From that contract, gRPC generates code:

  • Client stubs → Methods you call like local functions.
  • Server interfaces → Methods you implement with your business logic.

When a client calls a gRPC method, the flow is straightforward:

  1. Serialize → The request is encoded into Protobuf’s binary format.
  2. Send → The message travels over an existing HTTP/2 stream.
  3. Dispatch → The server routes it to the correct method.
  4. Execute → Your code runs.
  5. Respond → The result is serialized and streamed back.

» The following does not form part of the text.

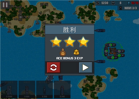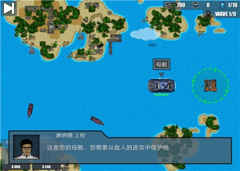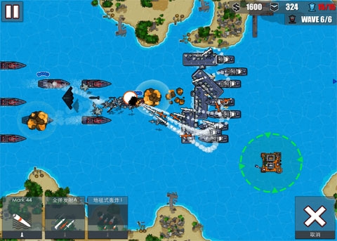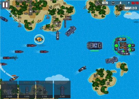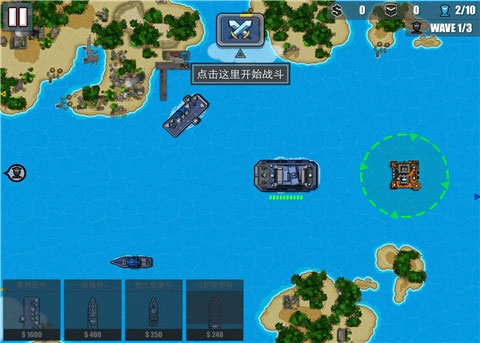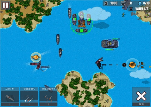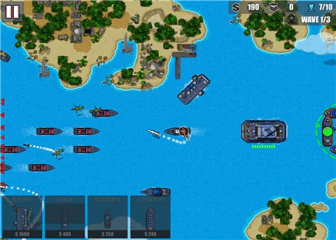 战斗开始,我方还有不少友军抵抗敌人,但我们并不能对他们进行任何操作。在这里并不是非常固定的塔防,没有建造固定箭塔的位置,取而代之的是我们的船舰,船舰可以自由移动,支援火力,可以说是一个高度开发的塔防。初始的时候只有四种船舰可以选择,行动缓慢的航空母舰但却有着直升机和飞机战斗,重型驱逐舰发射导弹,轻型战列舰,还有就是采油船。

Because gRPC uses HTTP/2, many calls share one connection and run in parallel. A slow response doesn’t block faster ones behind it, which keeps tail latency under control.

Streaming uses the same mechanism:

  • Server-streaming → One request, many responses over time.
  • Client-streaming → Many requests, one final response.
  • Bidirectional streaming → Both sides send messages independently.

Backpressure is built in. If one side slows down, gRPC slows the stream instead of piling up memory or threads.

The core idea is simple: define a strict contract, generate code from it, and move typed messages efficiently over a shared connection.

Where gRPC pays off

gRPC is a strong fit when you control both ends and you care about efficiency.

  • High call volume microservices → Lower per-call overhead adds up fast at scale.
  • Latency-sensitive graphs → Multiplexing + smaller payloads reduces tail latency pressure.
  • Polyglot stacks → One .proto contract generates stubs across languages, reducing “JSON drift.”
  • Service mesh environments → gRPC routes cleanly through modern proxies and is common in mesh control-plane protocols.

Tradeoffs you feel immediately

gRPC’s downsides are predictable, and they usually show up early on.

  • Browser calls are not native → You often need gRPC-Web or a REST/JSON gateway for front-end use.
  • Debugging is less “curl-friendly” → Binary payloads require tooling like grpcurl or GUI clients with schema access.
  • Contracts tighten coupling → Clients must update generated code as schemas evolve, so versioning discipline matters.
  • Infra must support HTTP/2 well → Some proxies and firewalls need explicit support or configuration.

How to Decide: Is gRPC a Fit for Your System?

Use gRPC when most of the following are true:

  • You control both client and server → Internal microservices inside the same organization.
  • You’re performance-sensitive → Many small calls per request, or very high QPS between services.
  • You’re polyglot → Multiple languages across teams and services.
  • You need streaming → Real-time updates, telemetry, chat, or continuous feeds.
  • You want strict contracts → You care about compile-time guarantees and explicit schemas.

Stick to REST (or layer a REST gateway in front of gRPC) when:

  • You expose public APIs to unknown clients.
  • You want easy browser and curl-based experimentation.
  • Your main pain is clarity and discoverability, not raw latency or throughput.

In practice, most teams don’t choose one or the other; they split the responsibility.

  • gRPC inside your network → Service-to-service, behind an API gateway or service mesh.
  • REST/JSON at the edge → For browsers, partners, and mobile apps that prefer HTTP+JSON.

Recap

gRPC is not “REST but faster.”

It’s a different model: remote procedure calls over HTTP/2, using Protobuf contracts, with first-class support for streaming and strong typing.

That makes it excellent for internal microservices, high-performance backends, and real-time systems, as long as you’re willing to invest in schemas, tooling, and a slightly steeper learning curve.

If you’re hitting the limits of REST inside your system (too many chatty JSON calls, tricky real-time updates, or a messy polyglot codebase) gRPC is worth a serious look.